Confieso mi ignorancia: no conocía la obra de Hokusai. Ese grabado tan famoso –ahora lo sé- llamado La Gran Ola, su increíble historia de pintor que necesitaba vivir unos cinco años más para considerarse un verdadero artista (murió a los 89), todo eso formaba parte de la inmensa masa de cosas que no sé.

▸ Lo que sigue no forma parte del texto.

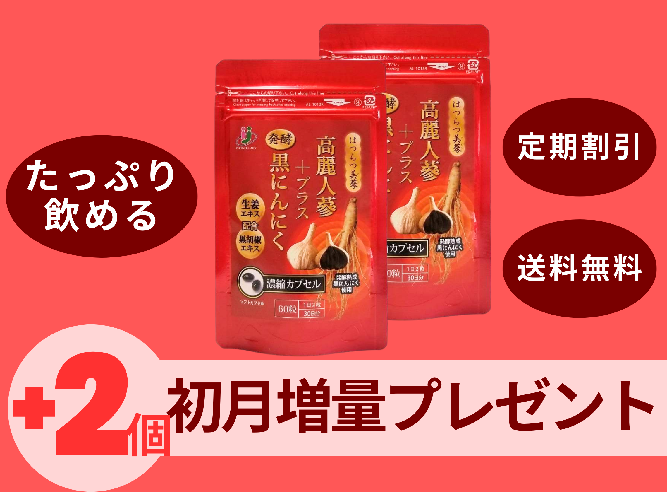[初回2個プレゼント!!]毎月2個定期 高麗人参プラス発酵黒にんにく

Pero un día, para ilustrar un verso de Vinicius de Moraes que puse como subnick en el MSN, hice una búsqueda de imágenes en Google y terminé eligiendo una ola de indudable influencia japonesa, pero que apareció sin autor ni referencia alguna, y que me gustó porque era hermosa y fue la única, en muchas páginas, que no era una fotografía. Así, La Gran Ola de Hokusai terminó adornando un verso que me acompaña desde hace mucho: “la vida llega en olas, como el mar”.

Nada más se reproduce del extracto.